REQUIRED ACTION: Give back the data exactly, with no images.

DATASET EXCERPT:
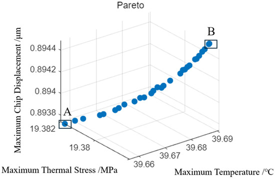 The mathematical formulation defines Y1, Y2, and Y3 as response surface models correlating design variables R, H, and B to the maximum temperature, maximum thermal stress, and maximum vertical chip displacement in the semiconductor laser array. The multi-objective genetic algorithm employed a population size of 100 evolved over 500 generations, with crossover probability fixed at 0.9. Adaptive mutation dynamically balanced global exploration and local exploitation, while retaining 30% of Pareto-optimal solutions. Figure 7 illustrates the uniformly distributed Pareto frontier after 500 generations, confirming algorithmic convergence. Point A corresponds to minimized temperature and vertical displacement, while Point B minimizes thermal stress. Considering the manufacturing difficulty of circular micro-pin fins and the small differences in temperature, thermal stress, and displacement between Points A and B, Point A was selected as the optimal solution. This configuration yields a predicted maximum temperature of 39.66 °C, maximum thermal stress of 19.38 MPa, and maximum vertical displacement of 0.89 μm. The corresponding micro-pin fin parameters are radius R = 0.1 mm, height H = 0.3 mm, and spacing B = 0.1 mm.
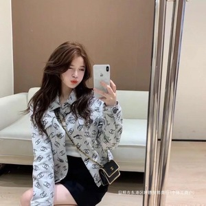 高定!25早春新款经典老花满印字母休闲短款 牛仔外套女夹克上衣潮
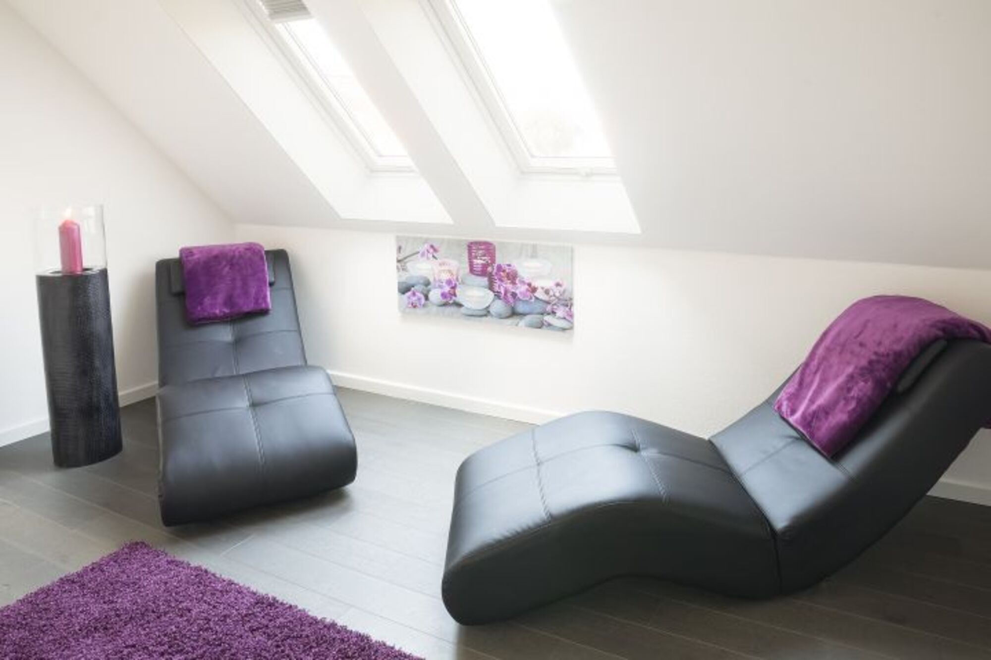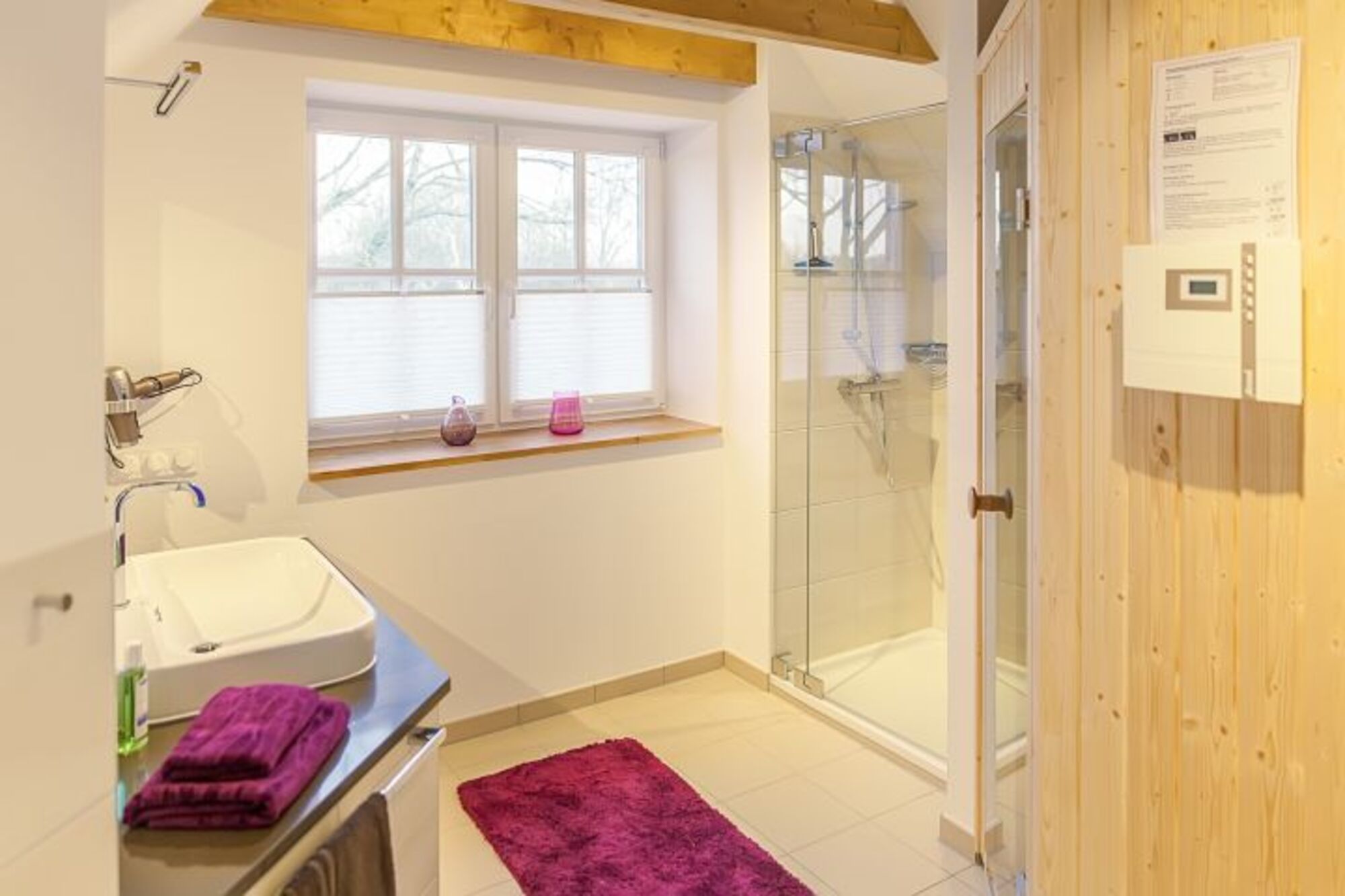 Im Obergeschoss befindet sich das Hauptschlafzimmer mit Doppelbett und Flat TV. Im großzügigen Hauptbadezimmer lädt eine finnische Sauna und eine Regendusche zum Entspannen ein. Anschließend können Sie im Galeriebereich auf einer Relaxliege bei Kerzenlicht ein gutes Buch lesen oder einfach nur die Ruhe genießen. Ein besonderes architektonisches Highlight im Obergeschoss sind die sichtbaren Balken, welche ein besonderes Raumgefühl geben.

TASK OUTPUT:
 The mathematical formulation defines Y1, Y2, and Y3 as response surface models correlating design variables R, H, and B to the maximum temperature, maximum thermal stress, and maximum vertical chip displacement in the semiconductor laser array. The multi-objective genetic algorithm employed a population size of 100 evolved over 500 generations, with crossover probability fixed at 0.9. Adaptive mutation dynamically balanced global exploration and local exploitation, while retaining 30% of Pareto-optimal solutions. Figure 7 illustrates the uniformly distributed Pareto frontier after 500 generations, confirming algorithmic convergence. Point A corresponds to minimized temperature and vertical displacement, while Point B minimizes thermal stress. Considering the manufacturing difficulty of circular micro-pin fins and the small differences in temperature, thermal stress, and displacement between Points A and B, Point A was selected as the optimal solution. This configuration yields a predicted maximum temperature of 39.66 °C, maximum thermal stress of 19.38 MPa, and maximum vertical displacement of 0.89 μm. The corresponding micro-pin fin parameters are radius R = 0.1 mm, height H = 0.3 mm, and spacing B = 0.1 mm.
 高定!25早春新款经典老花满印字母休闲短款 牛仔外套女夹克上衣潮
 Im Obergeschoss befindet sich das Hauptschlafzimmer mit Doppelbett und Flat TV. Im großzügigen Hauptbadezimmer lädt eine finnische Sauna und eine Regendusche zum Entspannen ein. Anschließend können Sie im Galeriebereich auf einer Relaxliege bei Kerzenlicht ein gutes Buch lesen oder einfach nur die Ruhe genießen. Ein besonderes architektonisches Highlight im Obergeschoss sind die sichtbaren Balken, welche ein besonderes Raumgefühl geben.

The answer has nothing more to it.